Copyright © 2003 Hindawi Publishing Corporation. This is an open access article distributed under the Creative Commons Attribution License, which permits unrestricted use, distribution, and reproduction in any medium, provided the original work is properly cited.

Abstract

This two-part article presents recent advances in boundary layer research that deal with the unsteady boundary layer transition modeling and its validation. A new unsteady boundary layer transition model was developed based on a universal unsteady intermittency function. It accounts for the effects of periodic unsteady wake flow on the boundary layer transition. To establish the transition model, an inductive approach was implemented; the approach was based on the results of comprehensive experimental and theoretical studies of unsteady wake flow and unsteady boundary layer flow. The experiments were performed on a curved plate at a zero streamwise pressure gradient under a periodic unsteady wake flow, where the frequency of the periodic unsteady flow was varied.

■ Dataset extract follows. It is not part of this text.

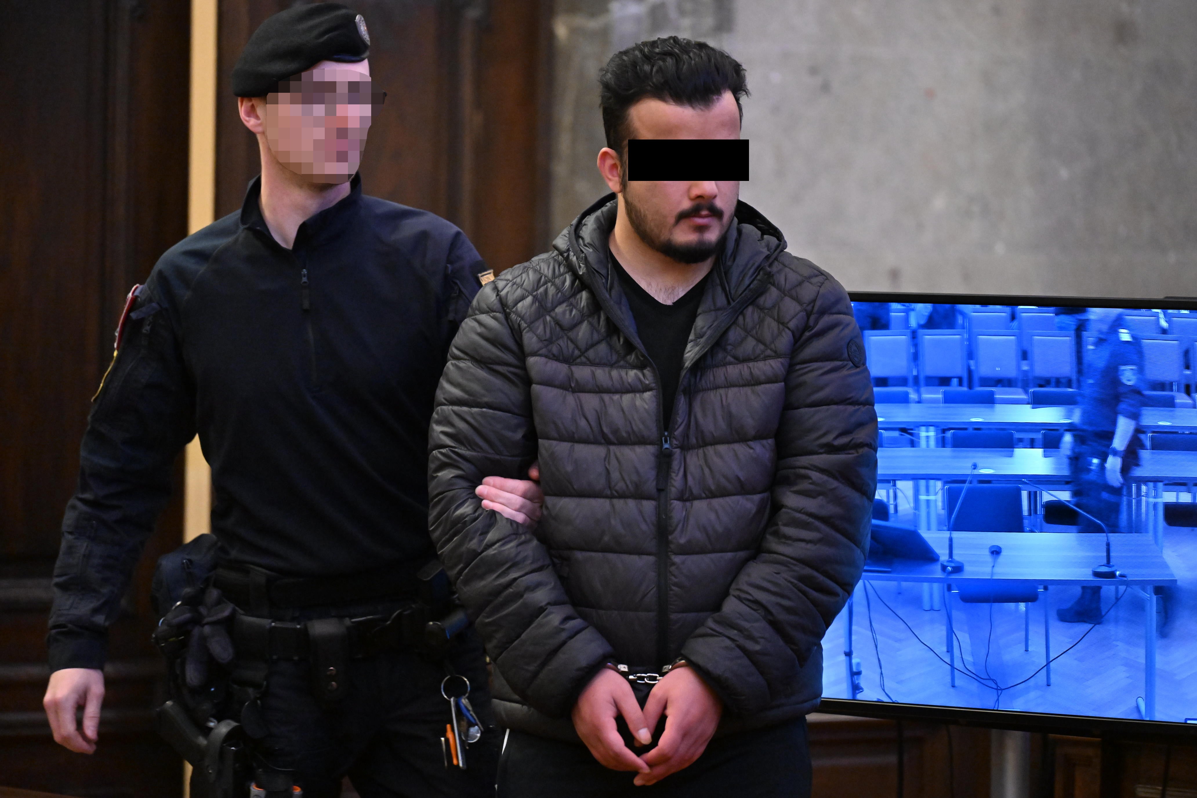 In Handschellen und unter Begleitung von zwei Justizwachebeamten wurde der Dreifach-Killer in den Großen Schwurgerichtssaal des Landesgerichts in Wien geführt. Der 27-jährige Ebadullah, der äußerst ruhig wirkte, weil er unter Medikamenten stehen soll, ist zur Verhandlung ganz in schwarz gekleidet.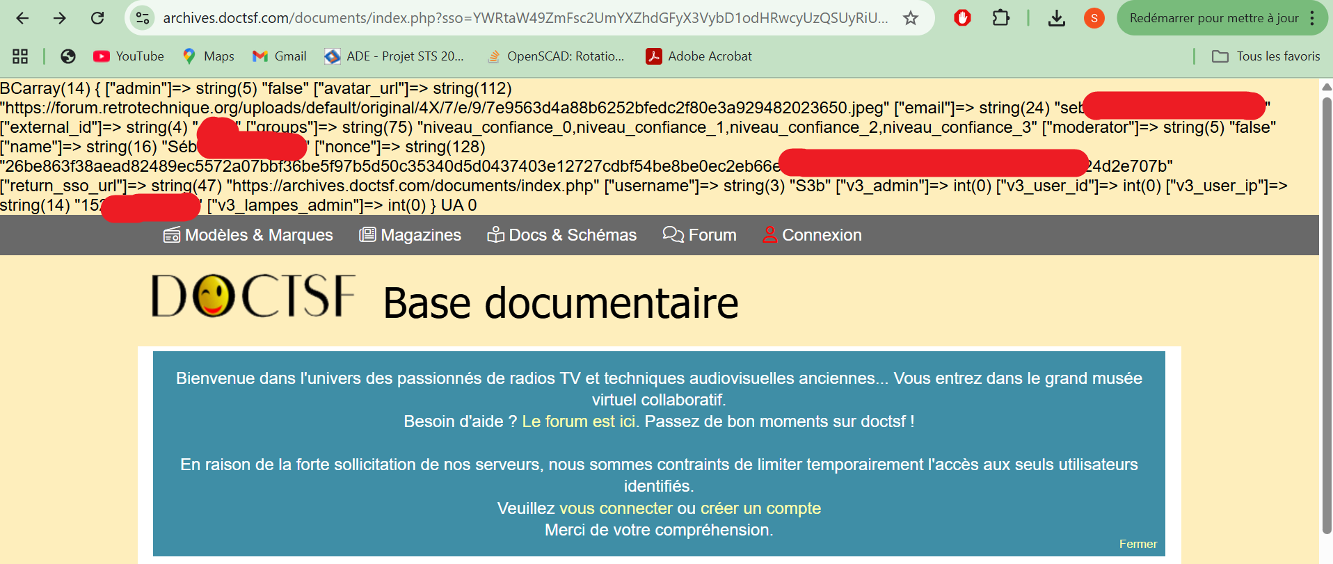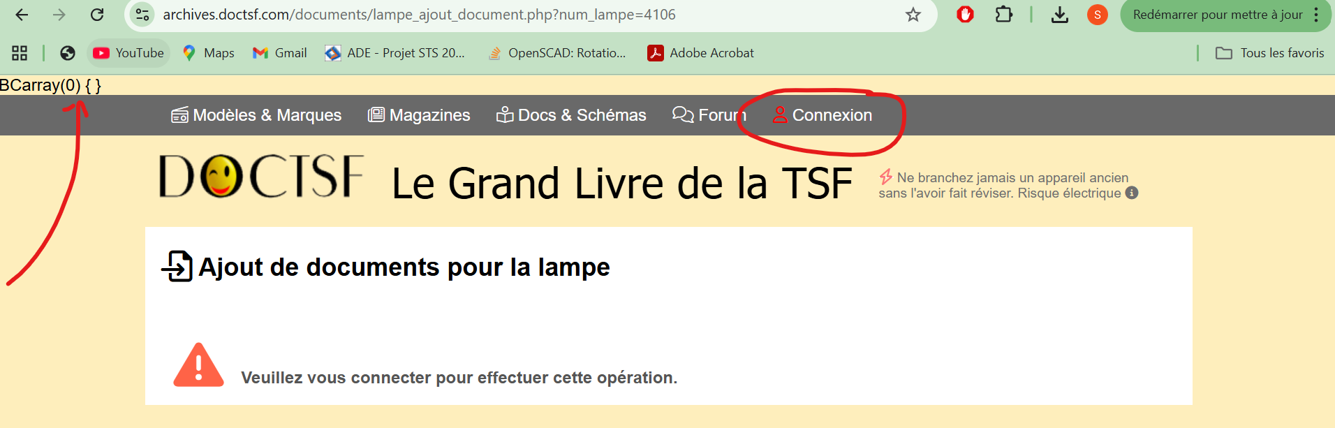 Je suis parfaitement connecté sur doctsf et lorsque je souhaite ajouter un PDF (dans la section « Documents relatifs à … »), pour la lampe « RS291 », j’ai un message qui me dit que je ne suis pas connecté :

To validate the model, systematic experimental investigations were performed on the suction and pressure surfaces of turbine blades integrated into a high-subsonic cascade test facility, which was designed for unsteady boundary layer investigations. The analysis of the experiment's results and comparison with the model's prediction confirm the validity of the model and its ability to predict accurately the unsteady boundary layer transition.